Work request.
What you should end up with is an exact copy of the lines from the one holding "가족(타인)회원 : 주중" through the last line of the entries below, both included, and nothing else; leave every picture out.

Source material.
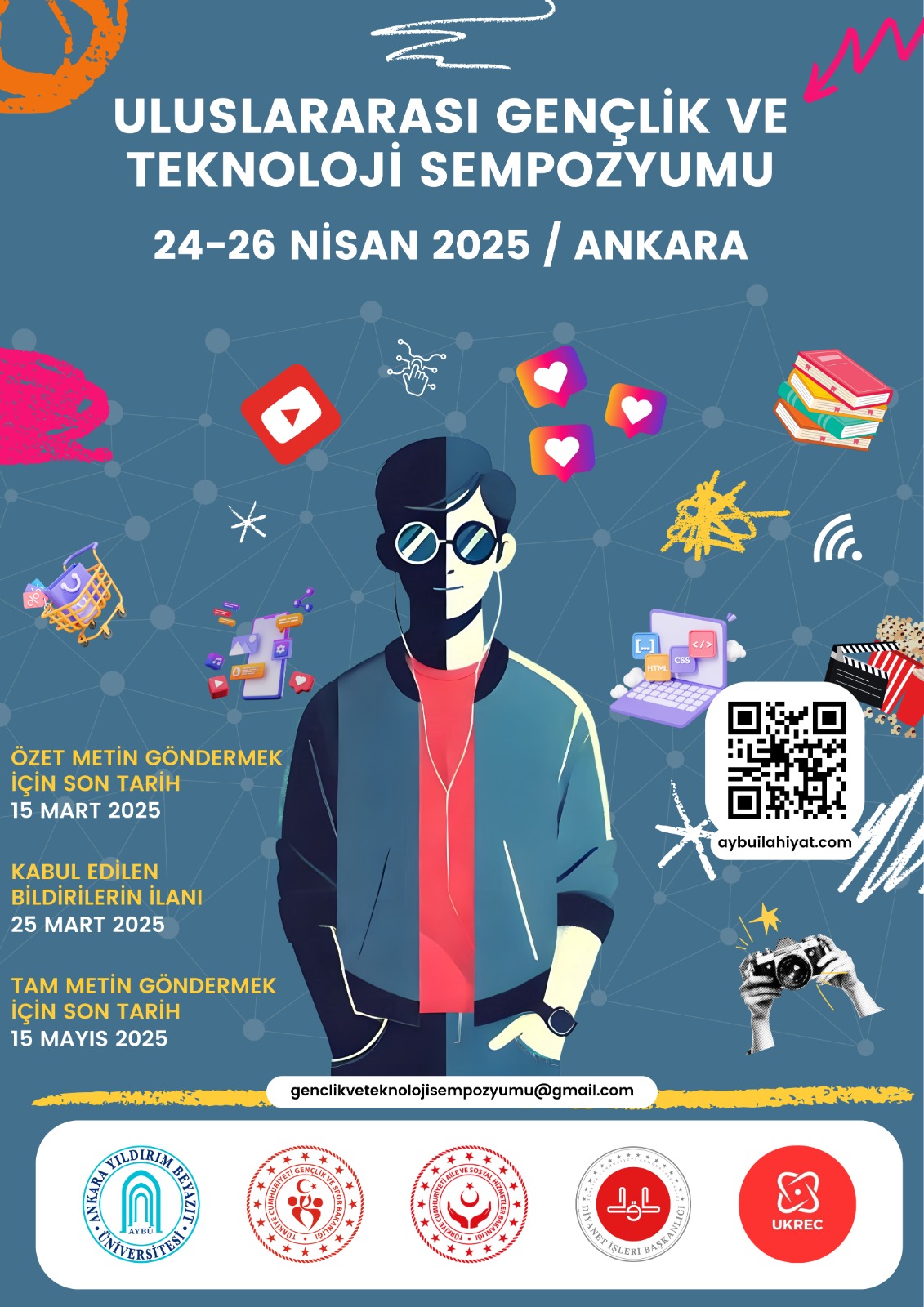 Gençlik ve Spor Bakanlığı, Aile ve Sosyal Hizmetler Bakanlığı ve Diyanet İşleri Başkanlığının destekleri ile üniversitemiz İlahiyat Fakültesi ev sahipliğinde 24-26 Nisan 205 tarihleri arasında “Gençlik ve Teknoloji” başlıklı uluslararası bir sempozyum düzenlenecektir. Sempozyuma aybuilahiyat.com adresi üzerinden başvuru yapabilirsiniz.
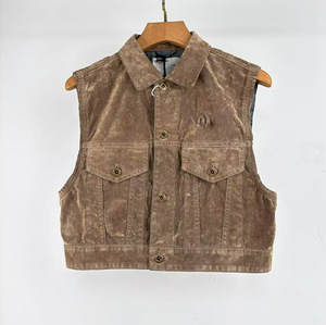 ミュウミュウ レディース ブラウン コーヒー ベスト 25 新しいスエード ノースリーブ パッチ レター ロゴ デニム ショート ベスト ジャケット
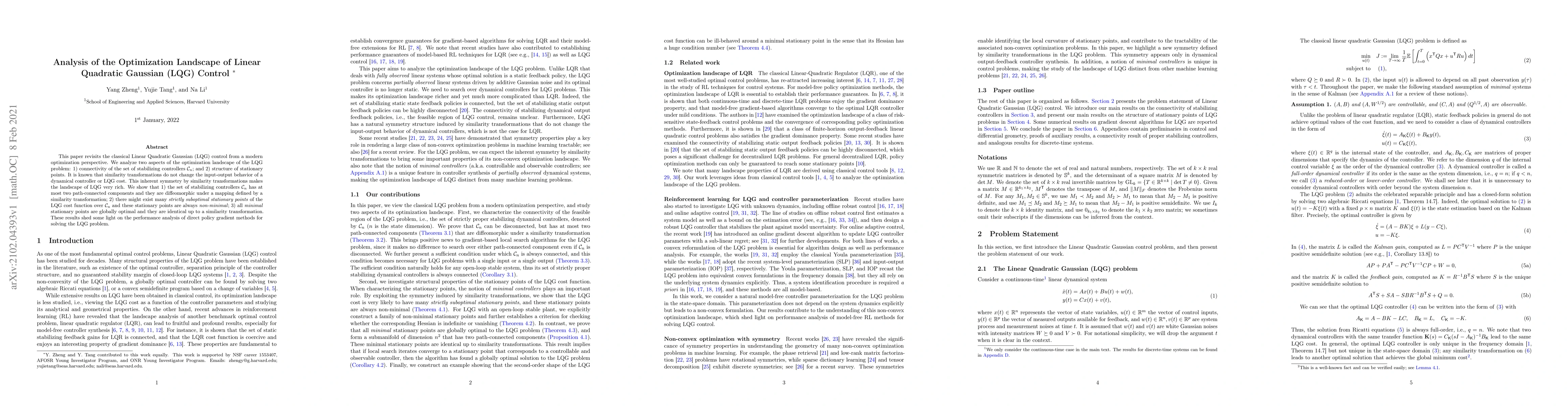 This paper analyzes the optimization landscape of Linear Quadratic Gaussian (LQG) control, showing that the set of stabilizing controllers has at most two path-connected components and that all minimal stationary points are globally optimal, while strictly suboptimal stationary points exist and are non-minimal.
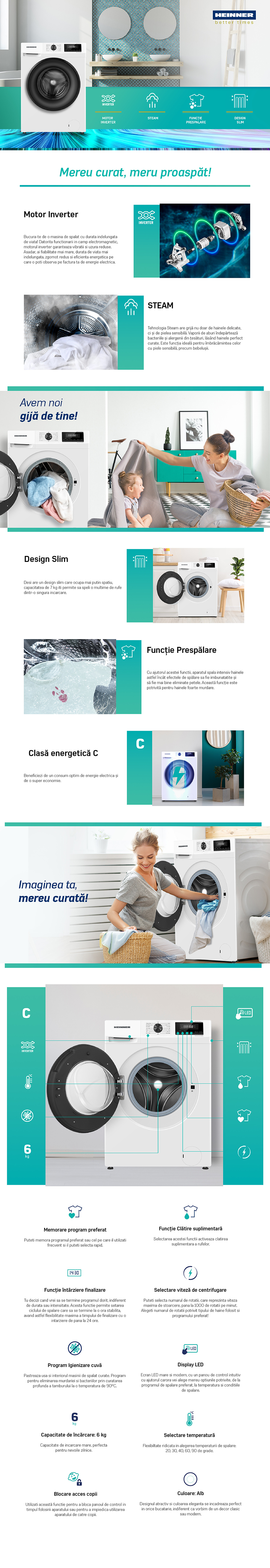 MASINA DE SPALAT RUFE SLIM HEINNER HWM-H6010IVSMC+++, CAPACITATE 6KG, VITEZA DE CENTRIFUGARE 1000RPM, CLASA ENERGETICA C, MOTOR INVERTER, 15 PROGRAME, DISPLAY DIGITAL, PROGRAM RAPID 15 MIN, PROGRAM ALLERGY STEAM, PROGRAM BABY STEAM CARE, FUNCTIE INTARZIERE FINALIZARE, CLATIRE SUPLIMENTARA, PRESPALARE, SPALARE INTENSIVA, CANTARIRE AUTOMATA, MEMORARE PROGRAM PREFERAT, SELECTOR TEMPERATURA, SELECTOR VITEZA DE CENTRIFUGARE, BLOCARE ACCES COPII, DIMENSIUNI ( LXAXI): 59.5X46.5X84.5 CM, CULOARE: ALB
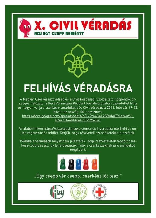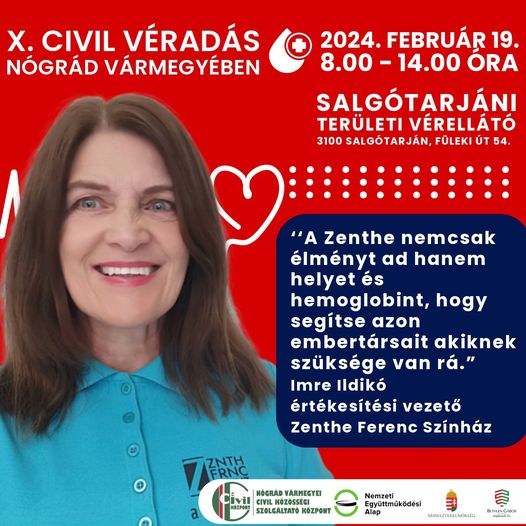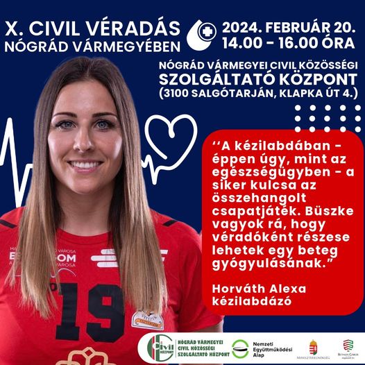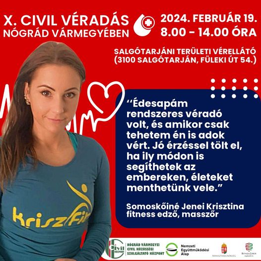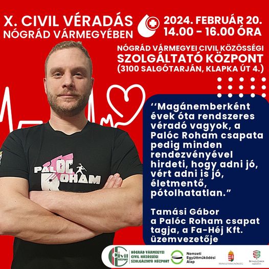 A X. Civil Véradó Hét keretében Nógrád vármegyében hat helyszínen várjuk a véradókat – 2024. február 19. 8.00 – 14.00 óra – Salgótarjáni Területi Vérellátó (3100 Salgótarján, Füleki út 54.) – 2024. február 20. 14.00 – 16.00 óra – Nógrád Vármegyei Civil Közösségi Szolgáltató Központ (3100 Salgótarján, Klapka út 4.) – 2024. február 21. 11.00 – 14.00 óra – Mitsuba Hungary Kft. (3100 Salgótarján, Patak út 3.) – 2024. február
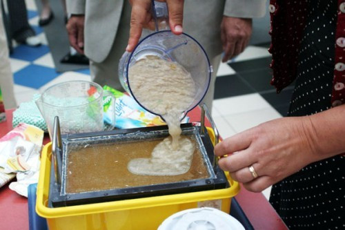 Az eseményt Baka Éva, az Italos Karton Környezetvédelmi Egyesülés vezetője rögtönzött bemutatóval zárta. Az érdeklődők megismerkedhettek a hulladékfeldolgozás mikéntjével, a látottakat bárki háztartásában is hasznosíthatja egyedi dekorációk készítéséhez. Néhány széttépett tejesdobozból egy turmixgép és egy méretre vágott szúnyogháló segítségével újrapapír gyártható. Bakai Éva a frissen készített, még vizes lappal kezében elmondta, bízik benne, hogy az akció hatással lesz a veszprémiek gondolkodásmódjára és szeptember 8. után, az akció végeztével is sokan tapossák majd laposra az italos kartonokat.
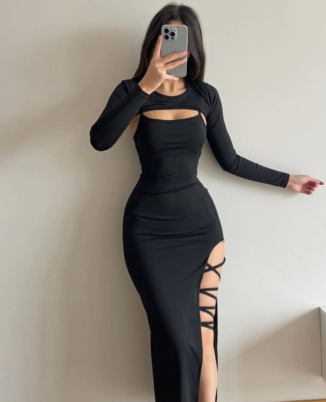 Замечательный комплект из платья и топа, в котором очень удобно. С выразительной деталью – вырез на ноге и завязками. Ткань с приятной текстурой, хорошо тянется и подчеркивает фигуру. Платье на лямках.
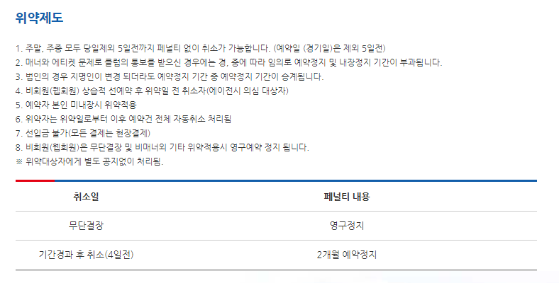 가족(타인)회원 : 주중 100,000원, 토요일 170,000원, 일요일 150,000원
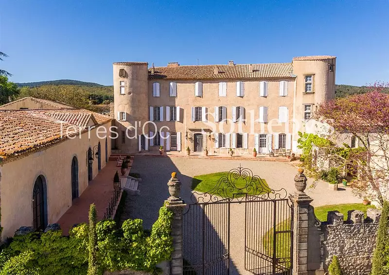 EN EXCLUSIVITE : Ce château XVIème au cœur du Minervois, vous accueille dans 1700 m² dont environ 1000 m² habitables et possède 110 hectares de bois et de landes. Cette splendide propriété dispose de 13 chambres en 3 habitations reliées, plus 1 salle médiévale et 1 salle voûtée. Une Orangerie magnifiquement rénovée de près de 400 m², 1 Chapelle aménagée et 2 ramonétages dont 1 maison de gardien encadrent sa superbe cour d’honneur. Une architecture élégante et des matériaux nobles : bois, pierre, marbre de Caunes, côtoient harmonieusement certaines rénovations contemporaines.

Solution below.
 가족(타인)회원 : 주중 100,000원, 토요일 170,000원, 일요일 150,000원
 EN EXCLUSIVITE : Ce château XVIème au cœur du Minervois, vous accueille dans 1700 m² dont environ 1000 m² habitables et possède 110 hectares de bois et de landes. Cette splendide propriété dispose de 13 chambres en 3 habitations reliées, plus 1 salle médiévale et 1 salle voûtée. Une Orangerie magnifiquement rénovée de près de 400 m², 1 Chapelle aménagée et 2 ramonétages dont 1 maison de gardien encadrent sa superbe cour d’honneur. Une architecture élégante et des matériaux nobles : bois, pierre, marbre de Caunes, côtoient harmonieusement certaines rénovations contemporaines.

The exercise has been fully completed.